I'm not convinced that there is a great deal of functional difference (except as has already been noted - the end pin might be a consideration with the bottom block.) but I like the look of logically oriented blocks and linings.

Posted

I had thought end blocks with grain parallel with the ends of the form

would prevent splitting and would resist compression from the end pin.

Did I read you right, that you actually sell the end blocks with the grain perpendicular to the ends of the form? (as in, traditional orientation?)

Posted

For linings, I much prefer willow to spruce. Much easier and more enjoyable to work with.

I noticed that recently. It seemed to me much easier to trim the lining afterward when I used willow. I couldn't see much difference in bending it though. It was easy whether it was spruce or willow.

Posted

I've been using black willow from Michigan to my blocks, it is light and more difficult to split than spruce, I think. Recently I started using

Brazilian cedar (Spanish cedar) for linings, it is quite light and easy to bend.

Posted

I used weeping willow. I have never tried black willow.

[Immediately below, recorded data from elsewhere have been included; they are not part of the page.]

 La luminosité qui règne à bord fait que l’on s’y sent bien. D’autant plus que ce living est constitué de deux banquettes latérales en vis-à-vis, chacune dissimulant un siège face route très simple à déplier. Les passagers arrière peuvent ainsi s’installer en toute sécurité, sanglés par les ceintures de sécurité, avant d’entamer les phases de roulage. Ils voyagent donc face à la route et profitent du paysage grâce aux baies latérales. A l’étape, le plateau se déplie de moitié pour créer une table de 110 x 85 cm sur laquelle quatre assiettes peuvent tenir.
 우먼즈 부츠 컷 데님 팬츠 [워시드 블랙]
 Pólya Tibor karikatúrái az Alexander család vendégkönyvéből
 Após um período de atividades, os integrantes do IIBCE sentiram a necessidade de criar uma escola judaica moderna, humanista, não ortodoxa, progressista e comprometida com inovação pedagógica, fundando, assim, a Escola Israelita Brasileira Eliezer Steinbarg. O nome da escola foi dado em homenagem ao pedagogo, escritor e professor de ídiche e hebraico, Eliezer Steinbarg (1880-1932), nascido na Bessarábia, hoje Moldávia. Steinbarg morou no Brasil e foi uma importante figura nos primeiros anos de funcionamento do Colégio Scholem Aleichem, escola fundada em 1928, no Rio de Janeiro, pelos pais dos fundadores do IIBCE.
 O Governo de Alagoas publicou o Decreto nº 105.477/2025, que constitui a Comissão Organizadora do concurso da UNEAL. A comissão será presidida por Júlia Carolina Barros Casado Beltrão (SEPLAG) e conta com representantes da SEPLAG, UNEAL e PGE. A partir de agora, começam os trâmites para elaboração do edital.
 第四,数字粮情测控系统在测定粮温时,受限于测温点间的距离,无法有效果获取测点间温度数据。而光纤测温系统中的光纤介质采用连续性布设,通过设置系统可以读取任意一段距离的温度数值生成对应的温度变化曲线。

I heard that there is a man selling black willow in Michigan. I tried giving him a ring but didn't hear back. Luckily a willow toppled over due to Irene and the property owners were kind enough to let me keep some of the wood. It's green, and I'm air drying right now. If the air drying process works (doesn't rot instead of dry) I will try using it for blocks in instruments next year.

The linings are so thin that during the bending process the moisture evaporates so I figured it was OK to use for linings. I figured you soak the spruce lining in order to bend anyways. Although, I won't use the willow for blocks until it has properly air dried next year.

Posted

I like Red Alder split on the quarter for linings...it bends and trims-up very easy

Posted

Jacob Stainer sometimes used walnut for the linings, but not for the blocks.

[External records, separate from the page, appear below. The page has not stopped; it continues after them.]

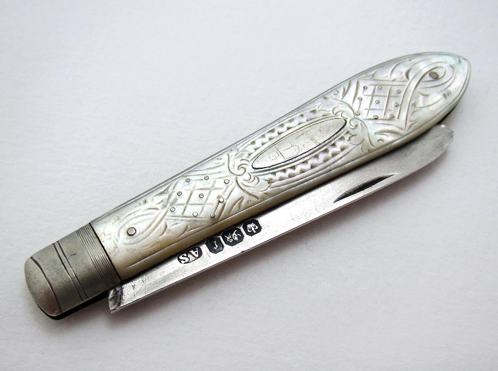 Antique Victorian Sterling Silver & Mother of Pearl Folding Fruit Penknife, Sheffield 1895 (1 of 8)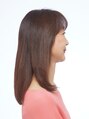 白髪が伸びてきても目立ちにくい明るめベージュブラウンで、肌のトーンもアップします。前髪を作り分け目が出ないようにすることでトップに高さがでます!
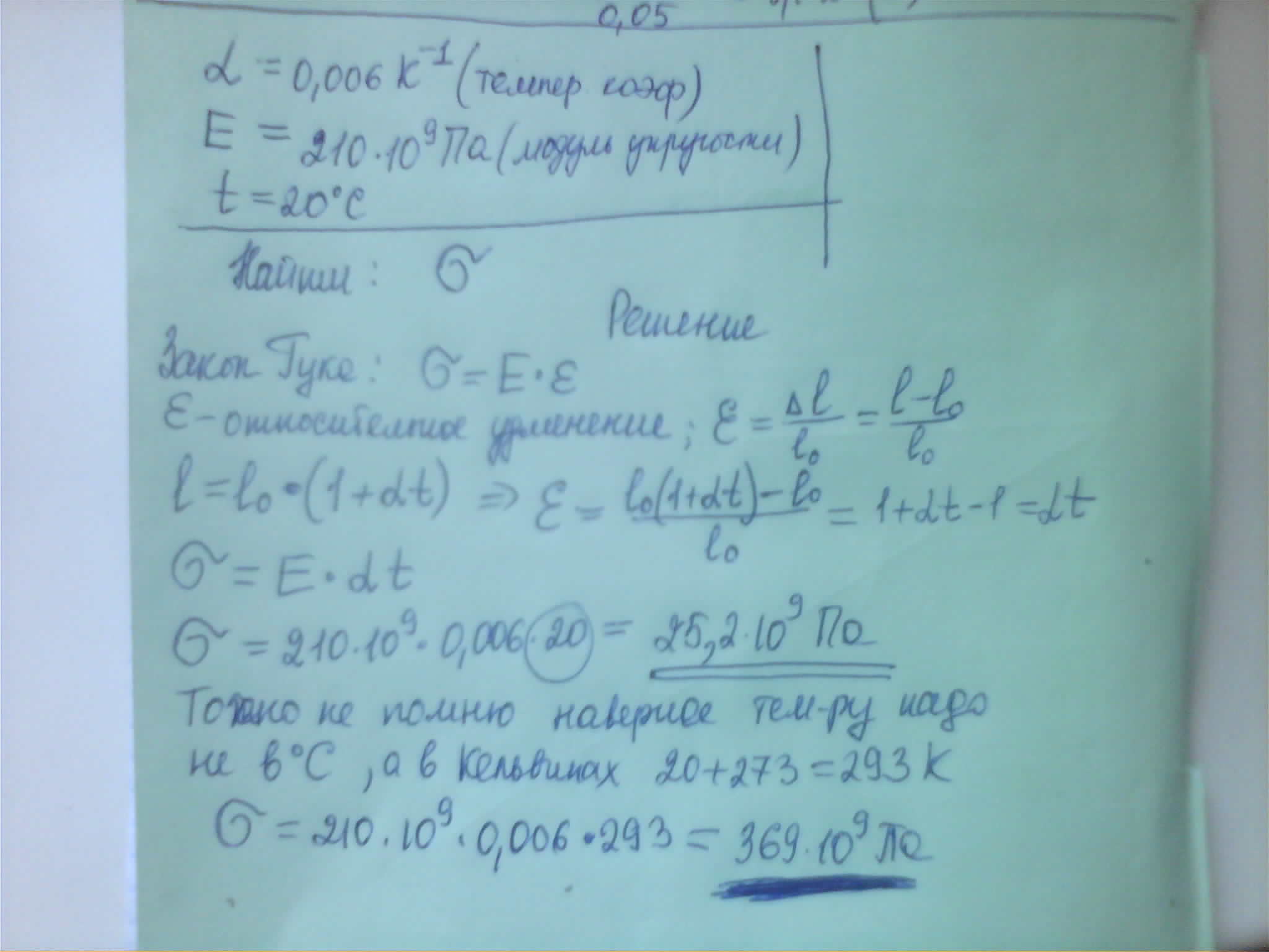 Стальной брусок зажат между двумя стойками при температуре 0 С. Найти напряжение бруса при температуре 20 С.

I tried it and it worked fine on a Stainer model, but for cremonese models I still prefer lighter woods like willow or spruce.

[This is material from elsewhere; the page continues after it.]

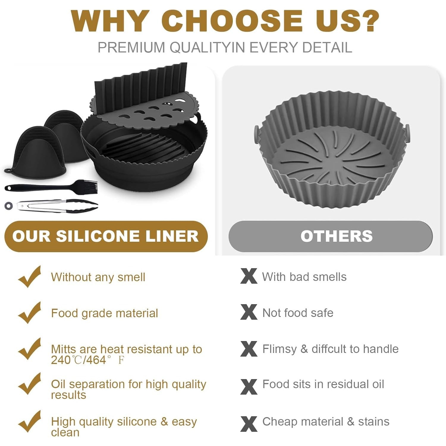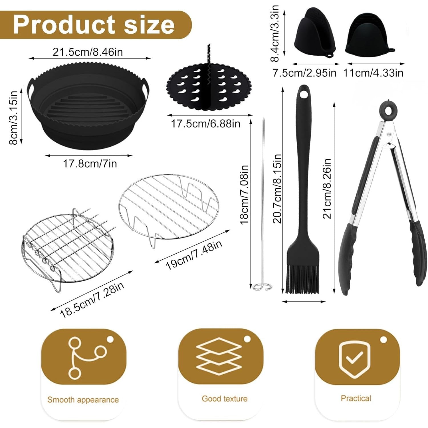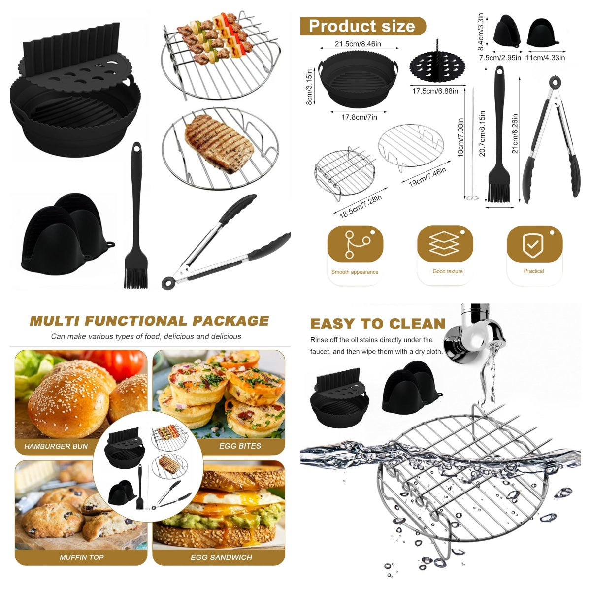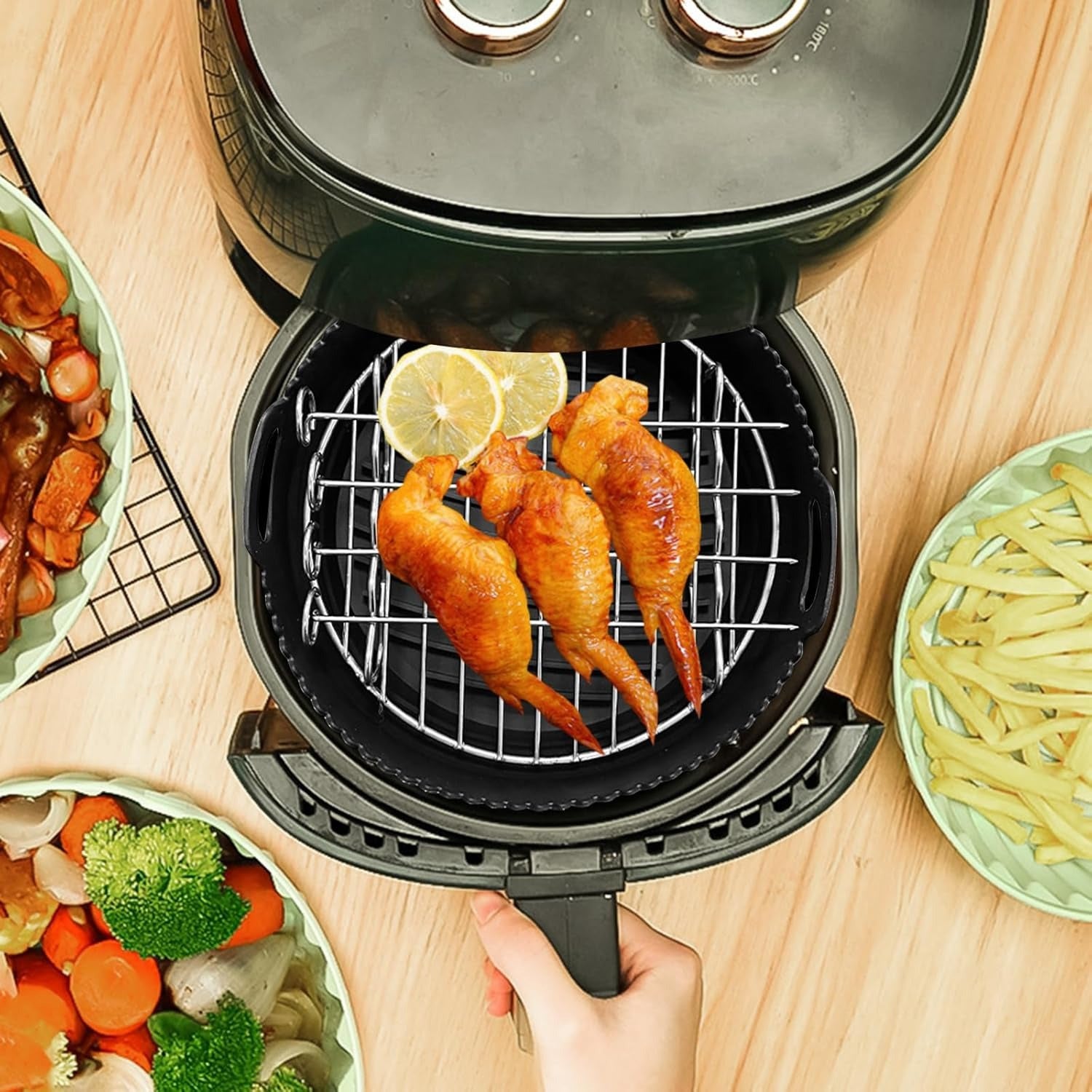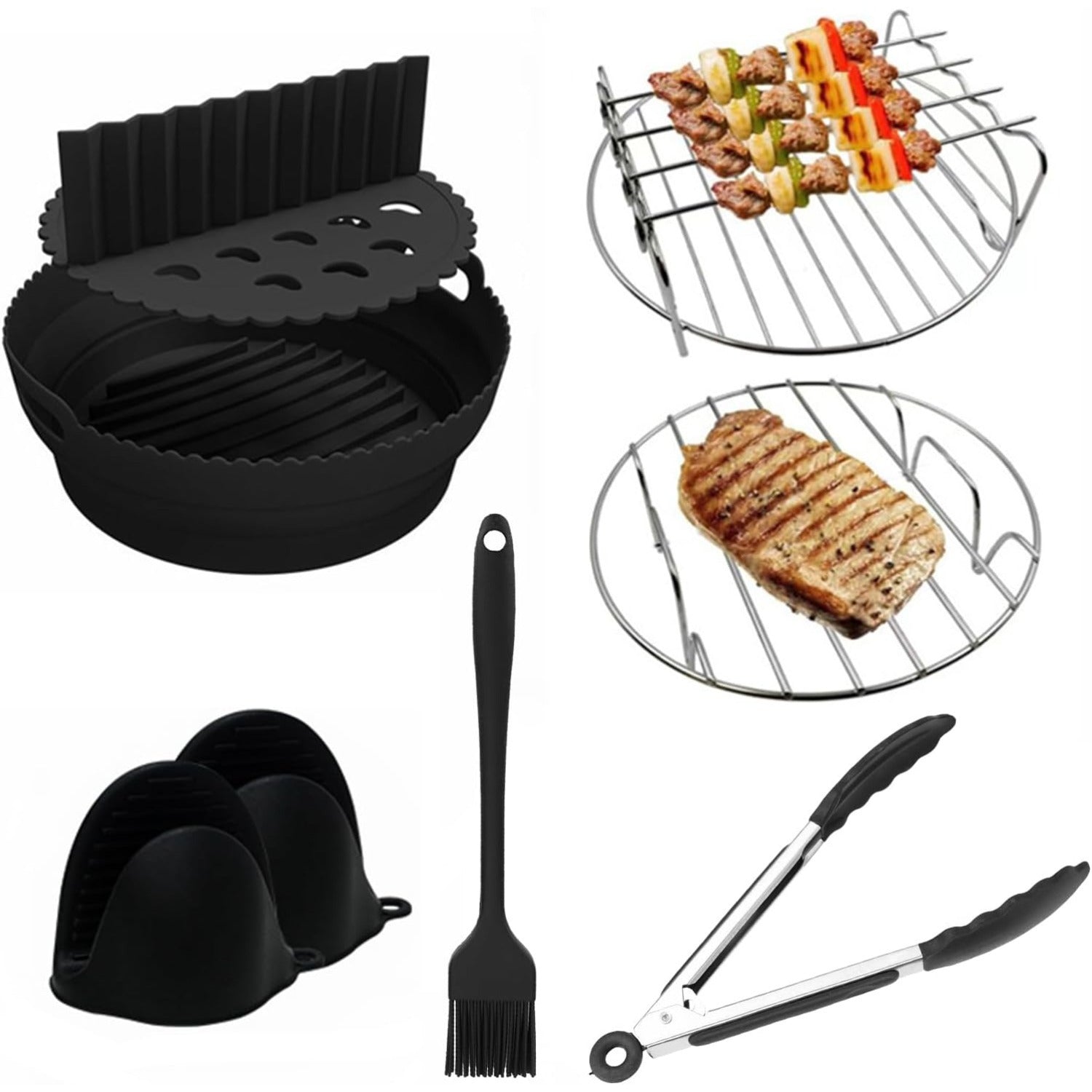 8-chiqishli Havo Fritöz uchun aksessuarlar to'plami, Silikon savat va po'lat rack bilan

Grain orientation as usual: perpendicular to the outline.

  • 2 weeks later...
Posted

Can I clarify something here? The blocks should be cut so the end grain is against the back and table, correct? Or to say another way, the grain of the blocks are transverse (perpendicular) to the form? .....my first instrument...

Thanks,

Roger

Posted

Can I clarify something here? The blocks should be cut so the end grain is against the back and table, correct? Or to say another way, the grain of the blocks are transverse (perpendicular) to the form? .....my first instrument...

Thanks,

Roger

Yes, and that is why they (the end grain is showing...) must be glue sized before the plates are glued to the rib assembly.

Posted

Can I clarify something here? The blocks should be cut so the end grain is against the back and table, correct? Or to say another way, the grain of the blocks are transverse (perpendicular) to the form? .....my first instrument...

Thanks,

Roger

Correct. There sometimes can be some confusion because the word "grain" is used to mean different things. For example, when Mountain Luthier said in post #3 of this discussion: "As straight as possible with grain radiating outwards toward the points and ends." he was not actually referring to the grain; he was really referring to the annular rings. In a growing tree the grain runs vertically from the ground up towards the sky. The annular rings run in concentric circles around the center of the trunk.